May 12, 2008 – After six years of deliberation and almost a year after its signing, the Philippines became the 23rd country that ratified the United Nations Convention on the Rights of Persons with Disabilities. Prayer and Walk for Unity for UN Convention on the Rights of Persons with Disabilities (UN-CRPD) Ratification was held on May 12 at SM Mall of Asia in Pasay.

August 25, 2008 – The National Council on Disability Affairs (Philippines) approved Board Resolution No. 13 requesting the National Computer Center – CICT to deputize Philippine Web Accessibility Group to undertake web accessibility assessments of government websites.

July 10, 2009 – The Philippine Web Designers Organization collaborated with NCDA and the Philippine Web Accessibility Group in giving out Disabled Friendly Website Awards to four more websites.
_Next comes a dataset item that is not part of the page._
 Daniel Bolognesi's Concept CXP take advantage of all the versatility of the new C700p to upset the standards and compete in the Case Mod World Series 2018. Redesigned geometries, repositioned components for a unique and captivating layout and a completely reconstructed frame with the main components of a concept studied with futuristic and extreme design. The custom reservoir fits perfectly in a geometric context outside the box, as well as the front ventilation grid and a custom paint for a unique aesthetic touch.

September 2009 – The Asia-Pacific Development Center on Disability in collaboration with National Council on Disability Affairs, Resources for the Blind, Inc. Philippines, Department of Foreign Affairs (Philippines), Department of Social Welfare and Development, National Computer Center, Adaptive Technology for Rehabilitation, Integration and Empowerment of the Visually Impaired (ATRIEV), MCCID College of Technology, Nova Foundation for Differently Abled Persons, and Philippine Web Accessibility Group developed a documentary DVD entitled "From Why to How through ICT: A story about ICT Accessibility by persons with disabilities in the Philippines".
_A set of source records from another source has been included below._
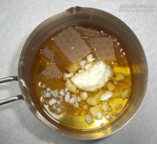 Bước 1: Cho phần dầu ô liu vào nồi nấu trên bếp lửa nhỏ rồi cho phần sáp ong vào đun sôi chừng 10 phút. Lúc này cả dầu ô liu và sáp ong sẽ tan ra đều.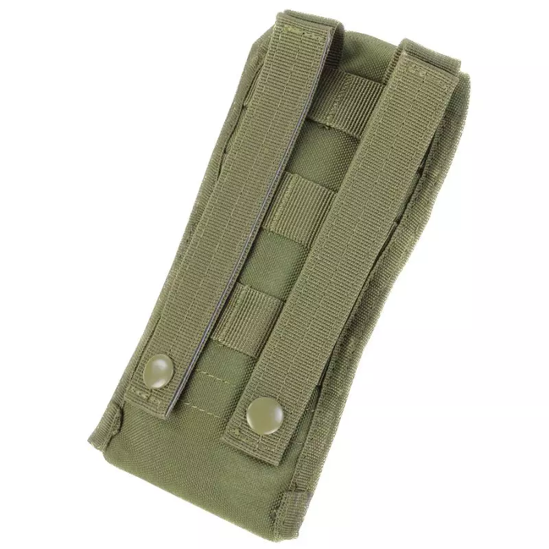 Poche radio fixation MOLLE , rétention par élastique et rabat Velcro.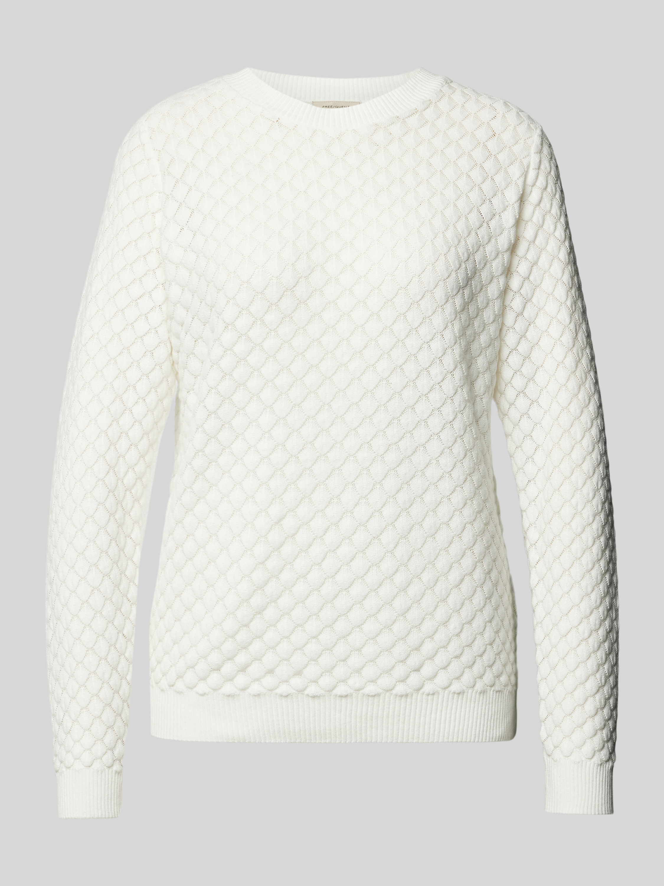 Der Strickpullover von FREE/QUENT, Modell 'Dodo', aus reiner Baumwolle, vereint einen klassischen Rundhalsausschnitt mit kunstvoller Lochstickerei. Die Regular Fit-Passform sorgt für angenehmen Tragekomfort, während gerippte Abschlüsse subtile Akzente setzen. Ein vielseitiges Kleidungsstück, das sich ideal für unterschiedliche Anlässe eignet.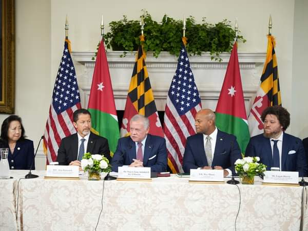 اجتمع الملك عبدالله الثاني بمجموعة من الرؤساء التنفيذيين وممثلي شركات وجامعات أمريكية لبحث فرص الاستثمار بالمملكة وتعزيز التعاون الاقتصادي، وأكد جلالته خلال الاجتماع، الذي نظمه حاكم ولاية ميريلاند ويس مور، أهمية البناء على الشراكة الاستراتيجية بين الأردن والولايات المتحدة، لتوسيع التعاون، بما يعود بالفائدة على البلدين

December 10, 2009 – The inclusion of unhampered access to Information and Communications Technology (ICT) became part of the action plan of the second National Human Rights Action Plan of the Philippine government.

July 20, 2010 – As part of the National Disability Prevention and Rehabilitation Week, the NCDA in partnership with the Department of Transportation and Communications held a Web Accessibility Forum which invited web designers and key government stakeholders. Highlight of the activity is the announcement of Joint NCDA-National Council on Disability Affairs Memo Circular No. 1 Series of 2010, enjoining all government instrumentalities concerned, to implement accessible website design using the technical guidelines recommended by the Web Design Accessibility Recommendation (WDAR) Checkpoints of the PWAG.
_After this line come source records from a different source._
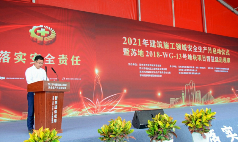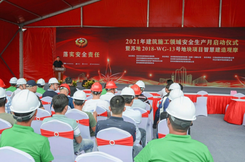 集團公司總工程師錢來源主持此次活動,總經理沈金華在內部觀摩現場發言,他指出:此次內部觀摩活動,一方面是啟動公司以“落實安全責任,推動安全發展”為主題的“安全生產月”的各項工作,另一方面是通過這次對蘇地2018-WG-13號地塊項目智慧建造內部觀摩,加快培植自己的安全生產文化,創新安全生產工作,推動企業智慧建造和觀摩工地的建設進程。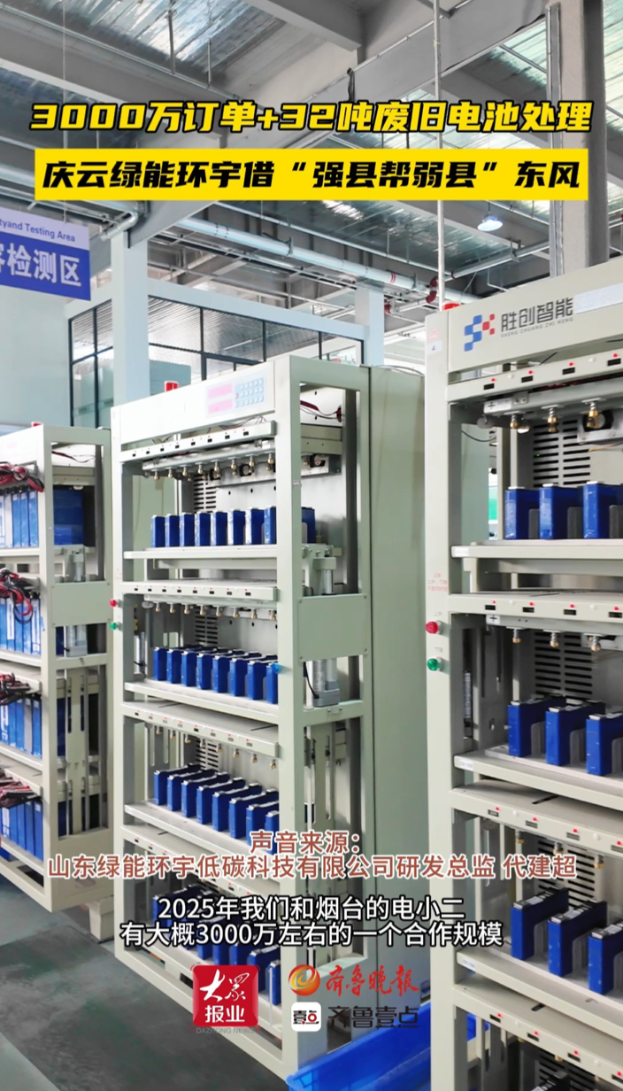 果然视频|3000万订单!庆云一企业借上“强县”东风齐鲁晚报·齐鲁壹点客户端 17:39原创3000万订单、32吨废旧电池处理......庆云绿能环宇借上“强县”东风!(齐鲁晚报·齐鲁壹点 李庆都 李梦晴)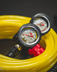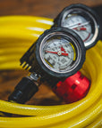 The Dual-Fill Shock Inflator Gauge can charge two ORI Struts or shocks at once or be used one side at a time to dial in exact pressures.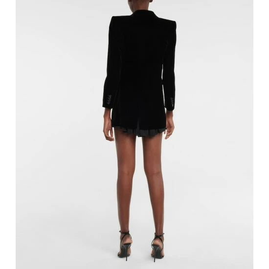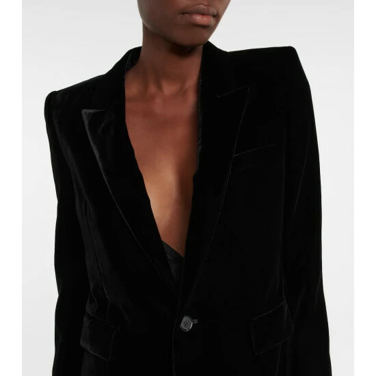 Timelessly elegant, this velvet blazer from Saint Laurent has a single-breasted front, a silk lining and flap pockets.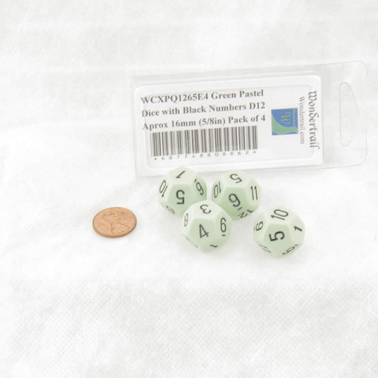 WCXPQ1265E4 Green Pastel Dice with Black Numbers D12 Aprox 16mm (5/8in) Pack of 4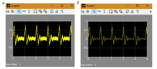 Для получения осциллограмм фильтруемого сигнала используется элемент Scope. На Scope 2 подается входной сигнал, который состоит из ЭКГ сигнала и наложенной на него помехи 50 Гц, после этого сигнал проходит Т-образный двойной фильтр и подается на Scope1. Проходя через фильтр амплитуда гармоники с частотой 50 Гц значительно падает и на Scope1 мы получаем исходный сигнал, без помех. Полученные осциллограммы представлены на рисунке 1.7.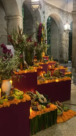 El estado de Querétaro participa en la ofrenda del Día de Muertos que se montó en Palacio Nacional de la Ciudad de México, dedicada a los estados que resultaron afectados por las recientes lluvias, y que forma parte de las celebraciones que encabeza la Secretaría de Cultura del Gobierno de México, a través de la Unidad de Culturas Vivas, Patrimonio Inmaterial e Interculturalidad.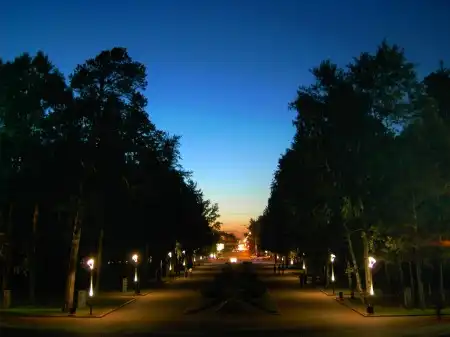 Собака, аллея вдоль забора, вид с педестала на лагерном в сумерках - просто супер! Остальное так себею

==Manila Accessible ICT Design Recommendations==
  - Facts
These are not inventions but rather an implementation based on recommendations.

Among the ICT design recommendations were:

1. Provide an Access Instruction page for visitors (explaining the accessibility features of the Website and providing an e-mail hyperlink for visitors to communicate problems with Webpage accessibility);

2. Provide support for text browsers and descriptive hyperlinks (links such as "this" and "click here" do not alone convey the nature of the target link);

3. Attach ALT (alternative) text to graphic images so that assistive computer technology such as screen readers can reach the content;

4. For each photograph contributing meaningful content to the page, provide a "D" hyperlink to a page providing descriptive text of the image;

5. Provide text transcriptions or descriptions for all audio and video clips;

6. Provide alternative mechanisms for online forms since forms are not supported by all browsers (such as e-mail or voice/TTY phone numbers);

7. Avoid access barriers, such as the posting of documents in Adobe PDF (Portable Document Format), non-linear format, frame format, or requiring visitors to download software to access the content. If posting in Adobe PDF, accessible HTML (Hypertext Markup Language), or ASCII text must also be posted by the Webmaster converting the document.

==Philippine Web Accessibility Group==

Philippine Web Accessibility Group Logo

Philippine Web Accessibility Group (PWAG) is a privately led association of Filipino web designers and advocates. It is supervised by the PWAG's main objectives are:

1. To educate and encourage the general public on the benefits of including accessibility on their websites by providing information and assistance through workshops, seminars, e-groups, and other forums;

2. To adopt the Manila Accessible ICT Design Recommendations and recommend the web accessibility guidelines and standards in the Philippine setting. These are not inventions but rather an implementation of a founding group.